Vocab

Open models

They're all transformers. Two camps: (1) fine-tune a big pretrained VLM and output actions as discrete text tokens, or (2) smaller transformer from scratch with a diffusion/flow action head. Size range is 27M → 55B.

image.png

Key patterns: the VLM-init approach wins at scale (RT-2 found 5B-from-scratch "very poor"). Action output is the big fork — discrete tokens are simple (just next-token) but coarse; diffusion/flow handles multi-modal continuous distributions better. Training compute is modest by LLM standards — OpenVLA's 21.5k A100-hours is a small finetune, not a pretrain.

Diffusion for robotics

Diffusion policy (Octo, Diffusion Policy paper, Chi et al '23)

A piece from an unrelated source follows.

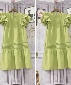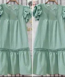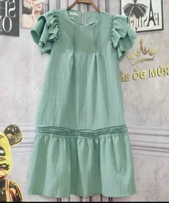 Đầm babydoll tay bèo, váy đũi gân dáng rộng cổ tròn đuôi cá công sở bầu mặc xinh
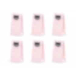6 roze papieren uitdeelzakjes met bijpassende stickers met afbeeldingen van zwarte katten. Vul de zakjes met snoep en een kleine verrassing om uit te delen aan je gasten tijdens het kinderfeestje.

Same math as image gen — literally. Just the thing being denoised is a tiny vector instead of a million pixels.

In image gen: start with N(0,I) noise the shape of an image, learn ε_θ(x_noisy, t, cond) to predict the noise, iteratively subtract it → clean image.

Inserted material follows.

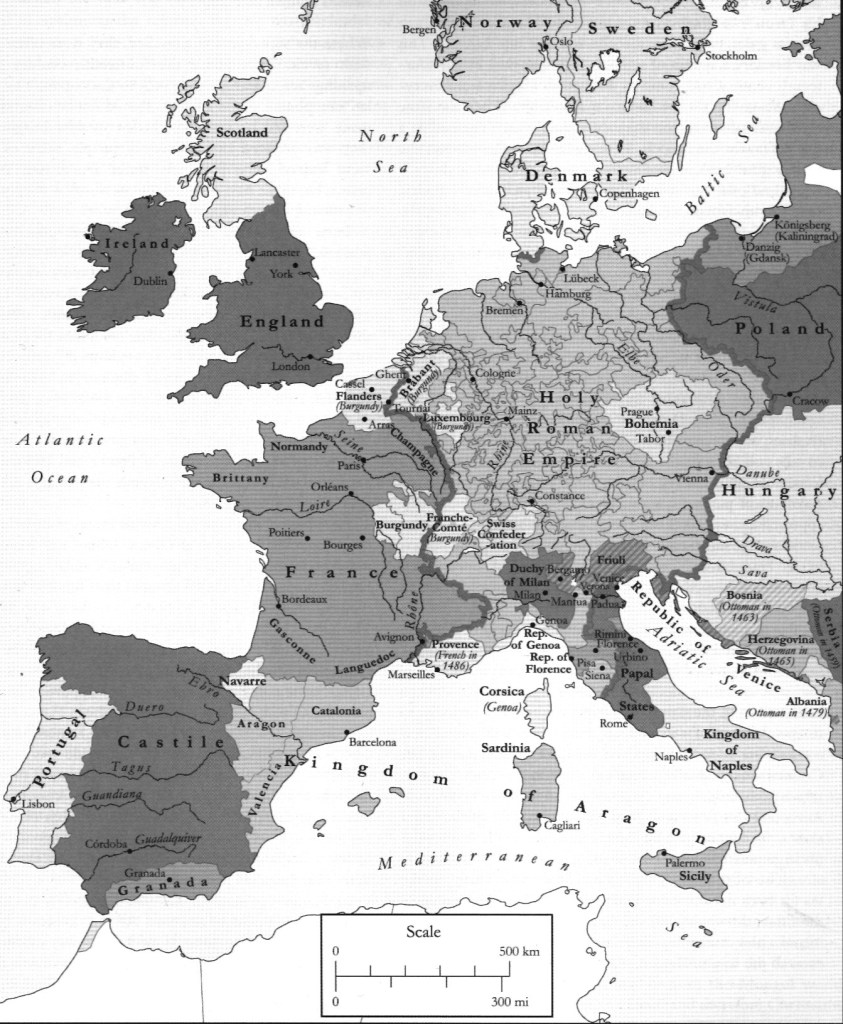 (2) La Spagna, provincia di Roma, nel 409 viene invasa da varie tribù barbare (svevi, vandali, …). Nel 411 i Visigoti vengono in aiuto di Roma e scacciano gli altri barbari. Da questo momento l’amministrazione di questa provincia è lasciata loro. Nel 475, un anno prima della caduta dell’Impero Romano d’Occidente, viene fondato in Spagna il regno Visigoto che, a partire dal 589, sarà interamente cristianizzato. In soli tre anni, tra il 711 ed il 714, gli arabi musulmani del califfato Omeya di Damasco occupano la penisola iberica provenendo da Sud. I cristiani vengono respinti verso nord e lì si attesteranno in piccoli regni situati in posti strategici sulle montagne della cordigliera Cantabrica e dei Pirenei. Nel 756 gli Omeya di Spagna si rendono indipendenti da Damasco e costituiscono il Califfato di Cordova. Questo Califfato si manterrà fino al 1031 per poi smembrarsi in tanti piccoli regni (taifas). A questa data la penisola contava al Nord i regni cristiani di León, Navarra, Aragón, Cataluña (circa un terzo del territorio) una striscia di terra di nessuno divideva questi piccoli regni dai taifas arabi costituenti la regione di ‘Al Andalus‘. La debolezza militare araba avvia, nel 1045, la Reconquista che si concluderà nel 1492. Da sottolineare la conquista cristiana di Toledo del 1085, il formarsi al Nord di tre stati cristiani sempre più grandi ed aggressivi (Portogallo, Castiglia, Aragona e il piccolo Navarra). Dalla metà del XIII secolo il regno di Granada è tutto ciò che resta di arabo nella penisola. Nel 1469 Isabella I di Castiglia sposa Fernando II di Aragona dando inizio alla prima convergenza di regni ispani che in poco tempo occuperà tutta la penisola ed inizierà una impetuosa espansione in altri territori. Nel 1492 cade il regno di Granada, compiendosi il disegno di Fernando e Isabella: unificare i popoli di Spagna in nome della cristianità contro gli invasori arabi. La Crociata è portata a termine vittoriosamente e Papa Alessandro VI Borgia concede ai Re di Spagna il titolo di ‘Re Cattolici‘ (1494).

In robotics: start with N(0,I) noise the shape of an action chunk — say [H, 7] for H future timesteps of 7-DOF actions. Same network architecture (usually a small transformer or UNet-1d), conditioned on the observation (image + instruction embedding) instead of a text prompt. Iteratively denoise → a clean action sequence. Send the first few actions to the robot, re-plan.

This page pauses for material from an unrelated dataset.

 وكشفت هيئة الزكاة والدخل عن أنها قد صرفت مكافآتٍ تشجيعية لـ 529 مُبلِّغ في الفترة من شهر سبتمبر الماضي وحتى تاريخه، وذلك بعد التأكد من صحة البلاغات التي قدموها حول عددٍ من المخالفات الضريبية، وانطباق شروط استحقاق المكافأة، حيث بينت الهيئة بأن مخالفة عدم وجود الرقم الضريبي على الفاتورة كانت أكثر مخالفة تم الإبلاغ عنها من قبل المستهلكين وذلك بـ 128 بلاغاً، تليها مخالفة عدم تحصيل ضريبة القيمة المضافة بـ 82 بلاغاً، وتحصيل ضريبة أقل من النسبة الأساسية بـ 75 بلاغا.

Why bother? Action distributions are multi-modal. A brick can be grasped from the left or right — two equally valid answers. MSE regression averages them to "grasp from the middle" which fails. A Gaussian policy (what alwin's path does) is unimodal too. Diffusion happily represents "50% left, 50% right" because it's modeling the full p(action | obs) distribution. Same reason it works for images: "a cat" has many valid pixels.

Flow matching (π₀)

Instead of learning to predict noise at each step, learn a velocity field v_θ(x, t, cond) that transports a sample from noise to data along a straight-ish path. Sample by ODE-integrating dx/dt = v_θ(x, t) from t=0 (noise) to t=1 (action). Same conditioning setup, fewer sampling steps (π₀ uses ~10 vs DDPM's 50-100) → higher control frequency, which matters when the robot needs actions at 50-100Hz.